Или я не пытался писать о ней рассказ? Но это совсем не то, что придумывать. Никогда я об этом не смогу написать!

Утром, с утра, когда куришь в форточку и видишь, что все рядом, все есть и не пропадает, - исчезает даже охота присесть на минуту и записать в блокнот, что видишь. Хотя бы про эти суда или про что. А если б их видел из своего окна в Минске, тотчас бы сел и немедленно записал!..

Такая вот белиберда...

Нина проснулась, сидит, намазываясь из разных коробочек. Пудрится, чернит брови, растягивая по ним тушь спичкой, обернутой ватой.
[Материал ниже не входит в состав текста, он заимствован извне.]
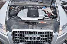 Un certain nombre de moteurs pour l'Audi A6 Allroad Quattro sont représentés par deux unités d'essence à essence d'un FSI de 3,2 et 4,2 litres et deux turbodiessels avec un volume de 2,7 litres de 180 chevaux et 3 L 233 ch. Il s'agit de la machine diesel à trois litres en tant qu'économique assez puissante et en même temps plutôt que celles qui sont équipées de moteurs à essence que nous connaîtrons dans toutes les conditions routières possibles. Au tour de la clé dans le verrouillage d'allumage (en passant, il est possible de le stocker dans votre poche, et pour démarrer la voiture, utilisez le bouton de la console centrale), le moteur répond assez fort pour une voiture de la voiture de Cette classe et peu comme le diesel d'une voix haute. Des vibrations mineures sont transmises au levier de transmission automatique, ce qui provoque d'abord la perplexité. Mais après quelques minutes, vous cessez de les remarquer, d'autant plus que avec une augmentation des révolutions, ils disparaissent.
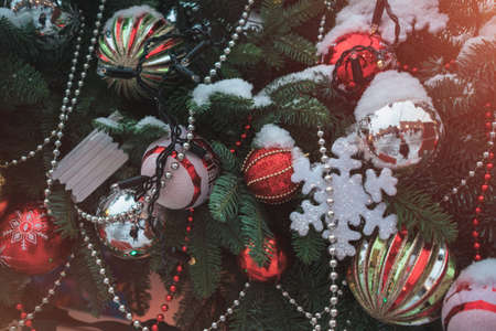 Close up of part of Christmas tree with different christmas toys and garland on street in evening city. Coniferous tree with decorative decorations to create festive mood
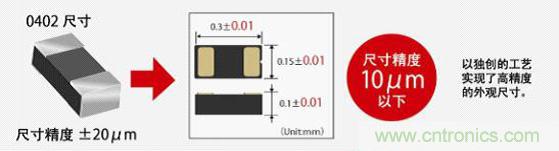 表2:采用獨(dú)創(chuàng)的工藝技術(shù),實(shí)現(xiàn)世界最小※的03015尺寸
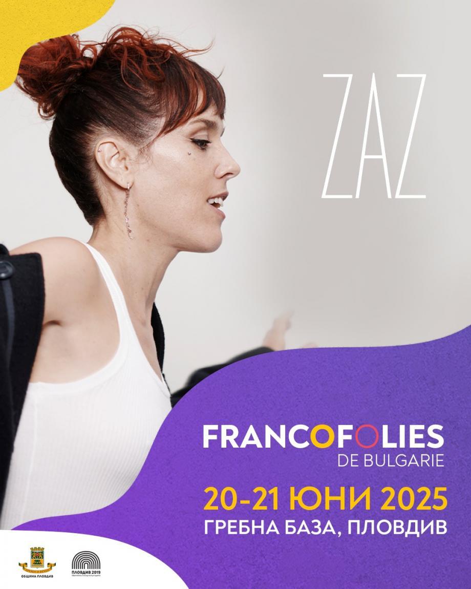 Френската колоритна певица ZAZ ще бъде отново в България това лято. Тя е първото голямо име, което обявяват организаторите, в тазгодишното издание на фестивала ФРАНКОФОЛИ. Известна със своя уникален глас и стил, тя ще изнесе голям концерт на открито на специално изградена сцена на гребната база в Пловдив.
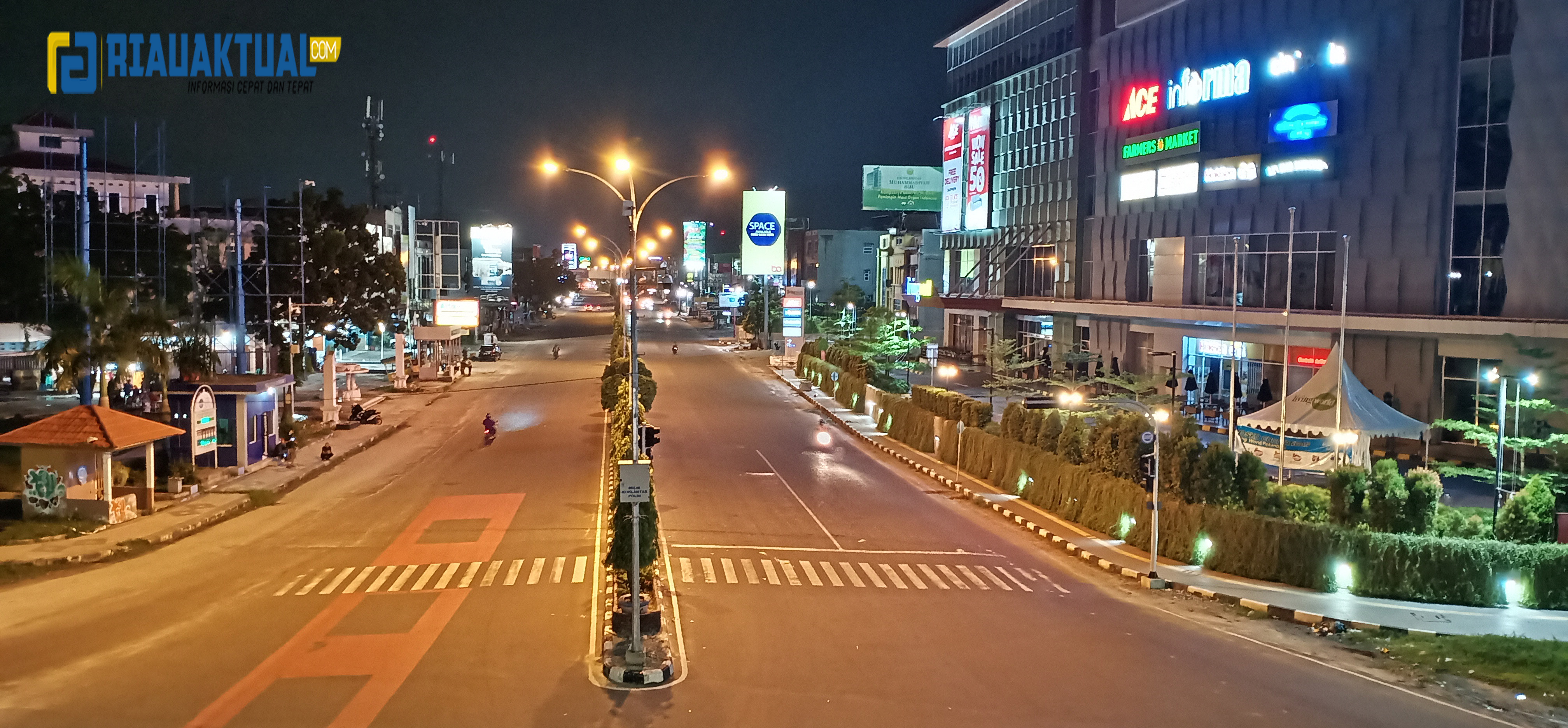 Terpantau pada pukul 21.00 WIB pasca mulai diberlakukan pada pukul 20.00 WIB suasana Kota Pekanbaru relatif sepi dari segala macam aktifitas.

Накладывает тени на свое молочно-белое лицо с еще девичьим румянцем, которое от ее украшательств не становится ни хуже, ни лучше. Она уже умылась двумя пальцами, сидит голая, халатик распахнулся, нога на ноге, в перекрестье округлых бедер соблазнительнейший мысок... Я тут как тут! Присаживаюсь возле колен, начинаю перестраивать ее позу, чтоб обозреть заветную щель. Нина привыкла, терпеливо сносит мои манипуляции с ее бедрами. Объясняет свою уступчивость так: "Есть мужики, которым легче дать, чем объяснять, что не хочешь давать". Я пытаюсь понять неутолимый голод в крови, который вызывает Нина. Она совсем обнаглела в постели: пердит, отвлекается во время любви. А я схожу с ума, когда мои ноги переплетаются с ее ногами. Моя сперма еще сочится из нее... Даже не подмылась! А потом будет мне пенять, что от нее "пахнет пиздятиной". Мол, она стесняется, беря уроки музыки у такого же преподавателя, как сама. Поскольку этот преподаватель может унюхать под аккорды гитары, что от нее воняет... Я пробую пристроиться к Нине, но ничего не выходит, когда она так сидит. Подкрашивайся - или я тебе помешаю? Только сядь по-человечески...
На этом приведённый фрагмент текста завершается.